A Low Power and High-Speed Reconfigurable Routing Topology for 2D-Multi-Processor System on Chip

Abstract

Multiprocessor system on chip (MPSoC) technology is widely used in various applications due to its capacity of delivering the superior performance at the low power cost. The System-on-Chips (SoCs) technique is generally used in consumer electronics with the integration of multiple functionalities of the high-end processors embedded on a common platform. The major challenge encountered by the MPSoC architecture is a higher delay in the data transmission, which is caused due to the network congestion between the nodes. In order to overcome this, an effective network topology with an adequate routing is required to be developed, to achieve a better performance in the MPSoC. The mesh topology is integrated with the torus topology to achieve an optimal routing of the data packets from the source to the destination router of MPSoC. In addition, the lightweight XY-YX routing is accomplished over the MPSoC network topology, to obtain the shortest path through the MPSoC networks. The prediction of the response packet path has been used in this proposed work, to minimize the delay during the data transmission. The design of MPSoC architecture is developed in the Xilinx ISE 14.2 software and validated with successful implementation on various Field Programmable Gate Array (FPGA) families.

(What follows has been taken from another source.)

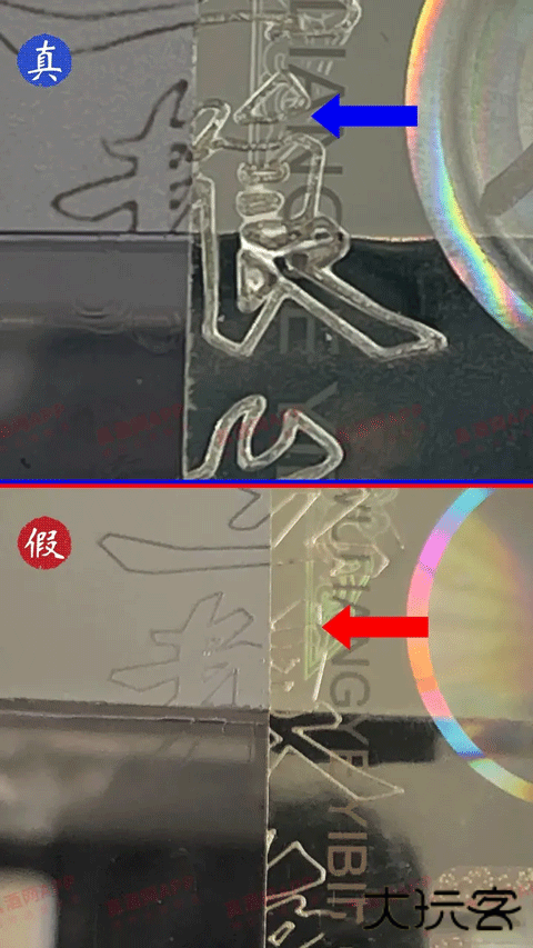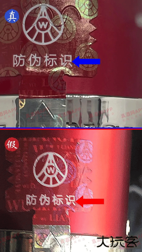 假:如果防伪标“识”字下面没有凸出来,基本可以确定是假的;
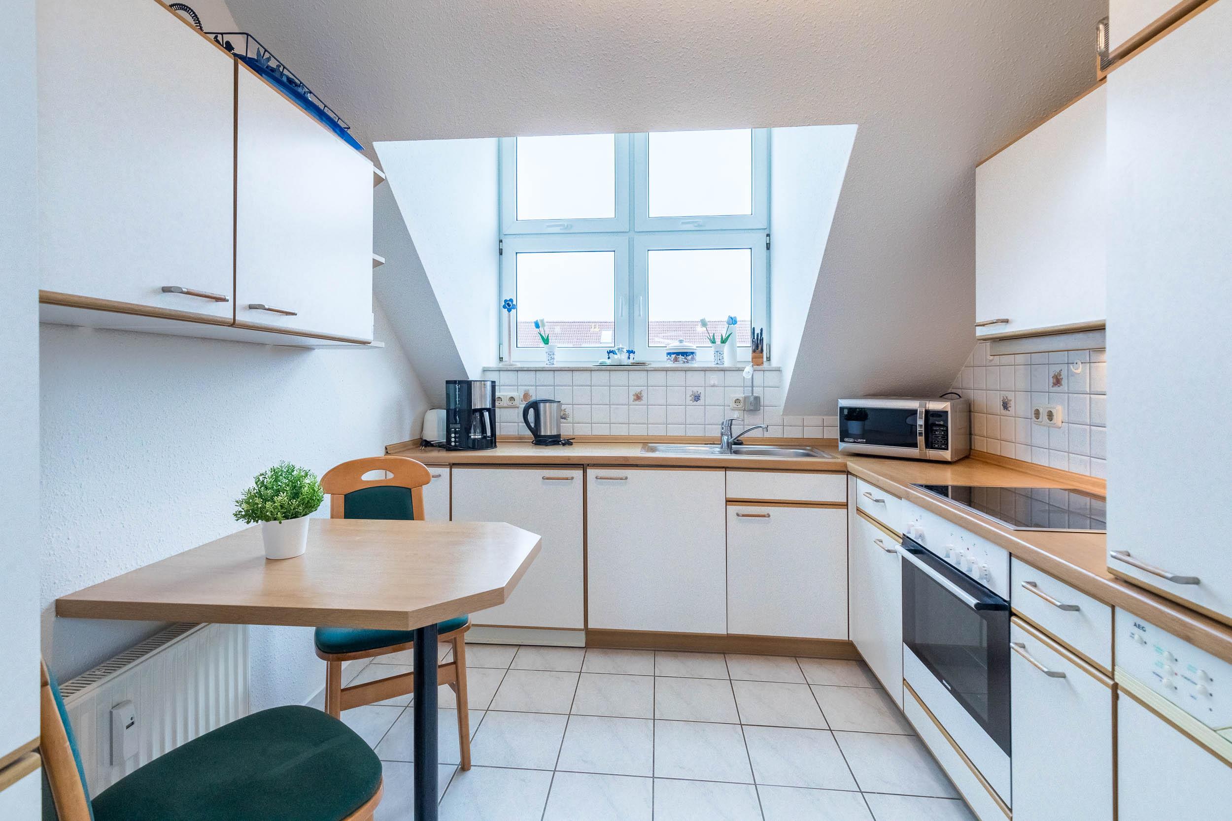 Vom Wohnbereich aus können Sie auf den kleinen möblierten Balkon gelangen. Die separate Küche bietet eine Vollausstattung, so sind hier u.a. Herd, Backofen, Kühlschrank mit Gefrierfach, Geschirrspüler, Kaffeemaschine und Nespresso-Maschine, Waschmaschine uvm. Ein kleiner Esstisch rundet das Paket ab.

The performance of the proposed MPSoC architecture with hybrid network topology has been analyzed in terms of Look Up Table (LUT), slices, flip flops, delay, frequency and power. Also, the performance of the proposed MPSoC architecture has been compared with three existing architectures MXY-SoC, K Means-MPSoC and SDMPSoC. The number of LUTs used by the proposed MPSoC architecture is 1326 for Virtex 6, which is less than that of used by MXY-SoC architecture.